#### [Problem to work on]
Output the entries below unchanged, except for the pictures.
--
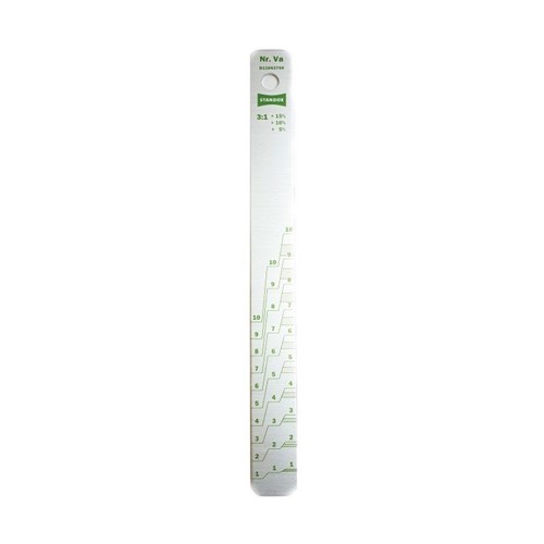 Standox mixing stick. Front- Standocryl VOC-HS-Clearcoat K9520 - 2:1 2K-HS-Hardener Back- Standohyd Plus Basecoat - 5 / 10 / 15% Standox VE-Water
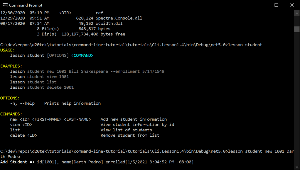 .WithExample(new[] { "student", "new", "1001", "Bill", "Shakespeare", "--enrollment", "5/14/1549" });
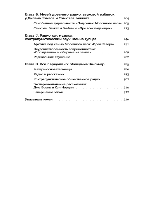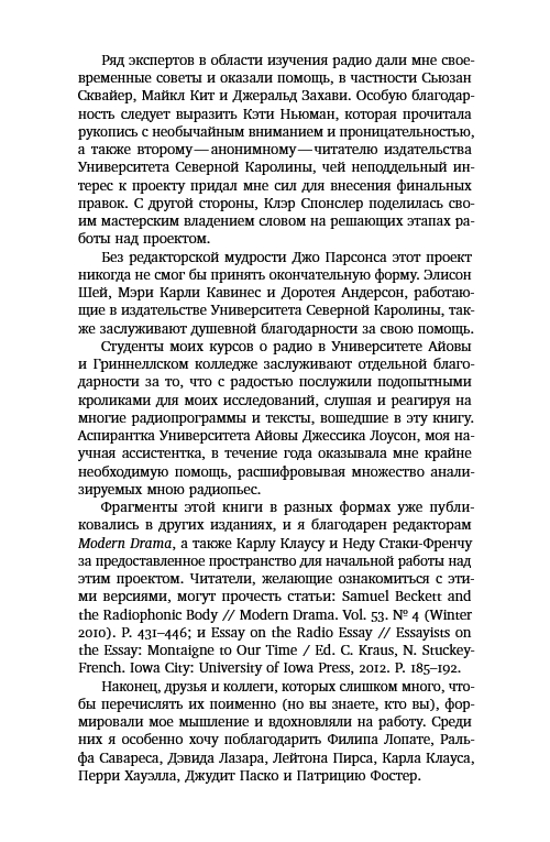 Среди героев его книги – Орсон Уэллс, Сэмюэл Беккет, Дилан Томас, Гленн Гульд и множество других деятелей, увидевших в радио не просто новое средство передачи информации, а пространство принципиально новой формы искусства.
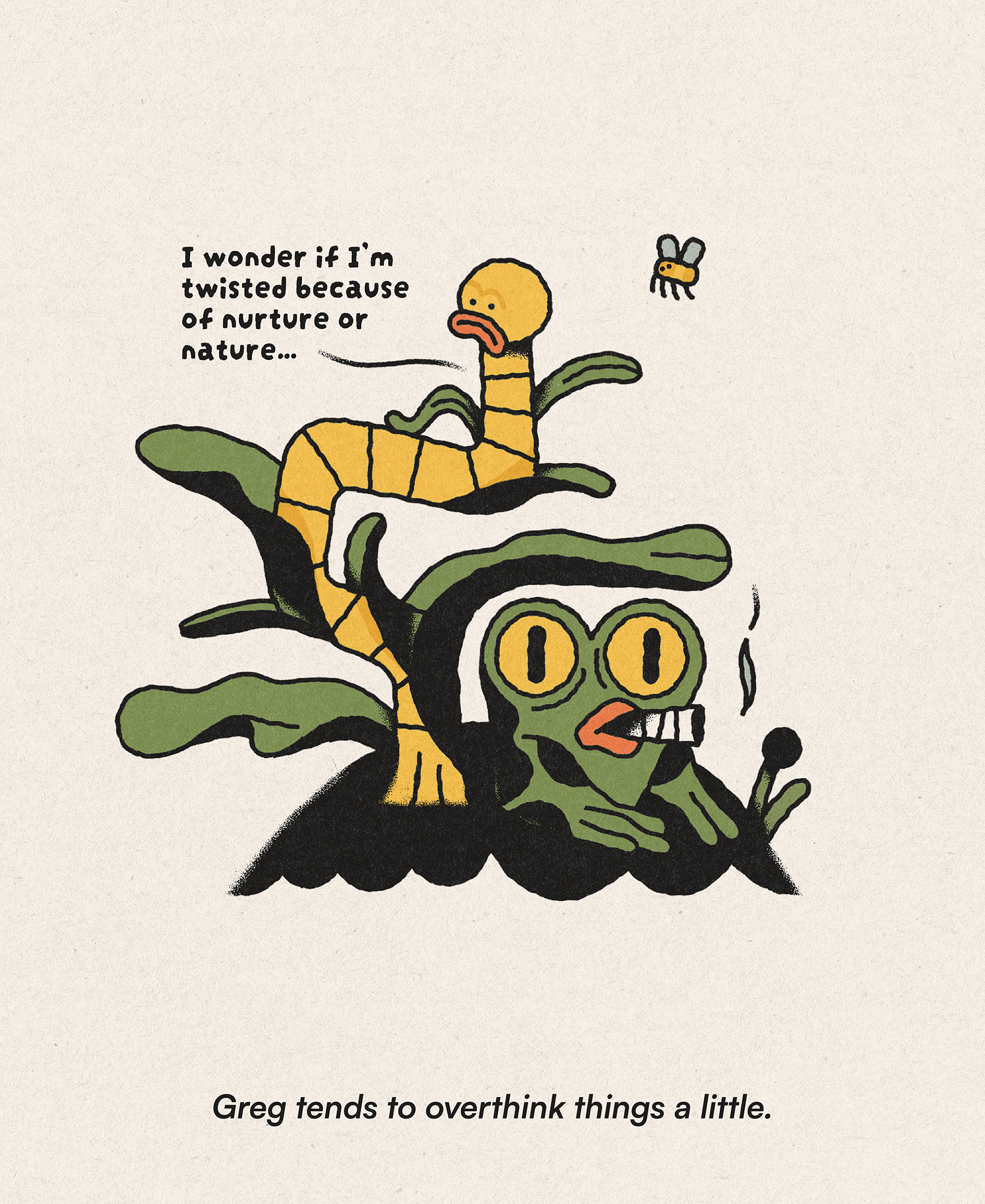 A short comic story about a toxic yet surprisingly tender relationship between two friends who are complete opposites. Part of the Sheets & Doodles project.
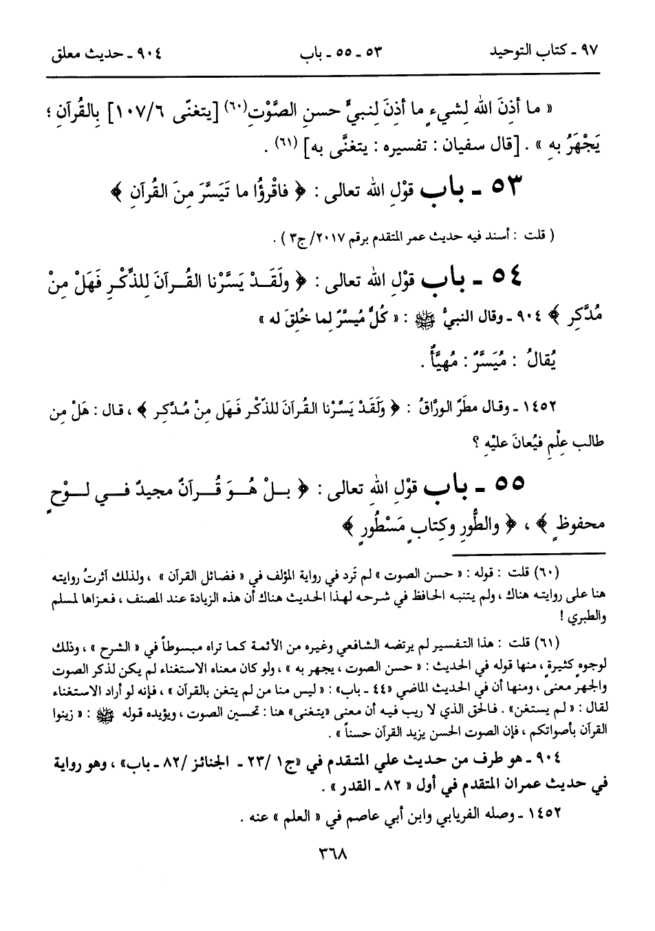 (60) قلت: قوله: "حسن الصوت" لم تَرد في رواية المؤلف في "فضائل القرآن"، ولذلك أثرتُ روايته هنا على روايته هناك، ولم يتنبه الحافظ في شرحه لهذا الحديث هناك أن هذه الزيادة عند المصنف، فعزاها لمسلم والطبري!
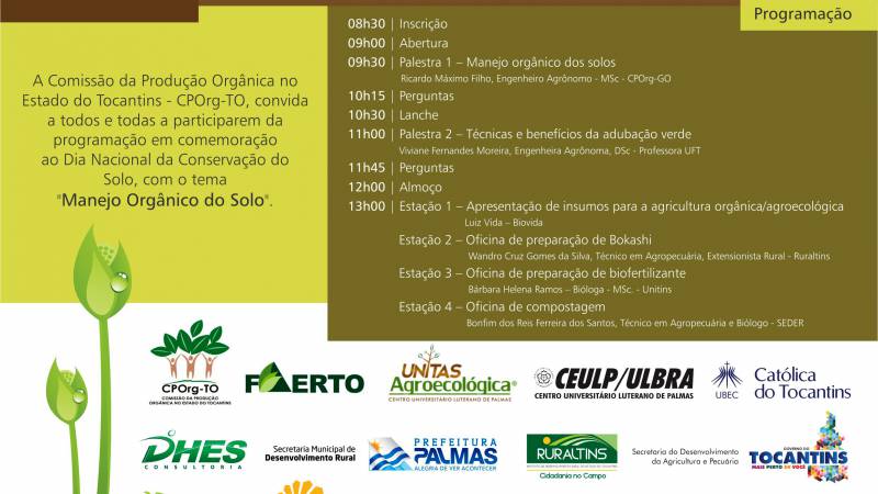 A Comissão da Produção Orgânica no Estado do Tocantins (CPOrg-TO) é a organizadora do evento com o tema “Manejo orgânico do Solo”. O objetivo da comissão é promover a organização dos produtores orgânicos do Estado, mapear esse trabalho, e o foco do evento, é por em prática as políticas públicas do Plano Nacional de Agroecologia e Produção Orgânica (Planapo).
--
#### [Solution below]
 Standox mixing stick. Front- Standocryl VOC-HS-Clearcoat K9520 - 2:1 2K-HS-Hardener Back- Standohyd Plus Basecoat - 5 / 10 / 15% Standox VE-Water
 .WithExample(new[] { "student", "new", "1001", "Bill", "Shakespeare", "--enrollment", "5/14/1549" });
 Среди героев его книги – Орсон Уэллс, Сэмюэл Беккет, Дилан Томас, Гленн Гульд и множество других деятелей, увидевших в радио не просто новое средство передачи информации, а пространство принципиально новой формы искусства.
 A short comic story about a toxic yet surprisingly tender relationship between two friends who are complete opposites. Part of the Sheets & Doodles project.
 (60) قلت: قوله: "حسن الصوت" لم تَرد في رواية المؤلف في "فضائل القرآن"، ولذلك أثرتُ روايته هنا على روايته هناك، ولم يتنبه الحافظ في شرحه لهذا الحديث هناك أن هذه الزيادة عند المصنف، فعزاها لمسلم والطبري!
 A Comissão da Produção Orgânica no Estado do Tocantins (CPOrg-TO) é a organizadora do evento com o tema “Manejo orgânico do Solo”. O objetivo da comissão é promover a organização dos produtores orgânicos do Estado, mapear esse trabalho, e o foco do evento, é por em prática as políticas públicas do Plano Nacional de Agroecologia e Produção Orgânica (Planapo).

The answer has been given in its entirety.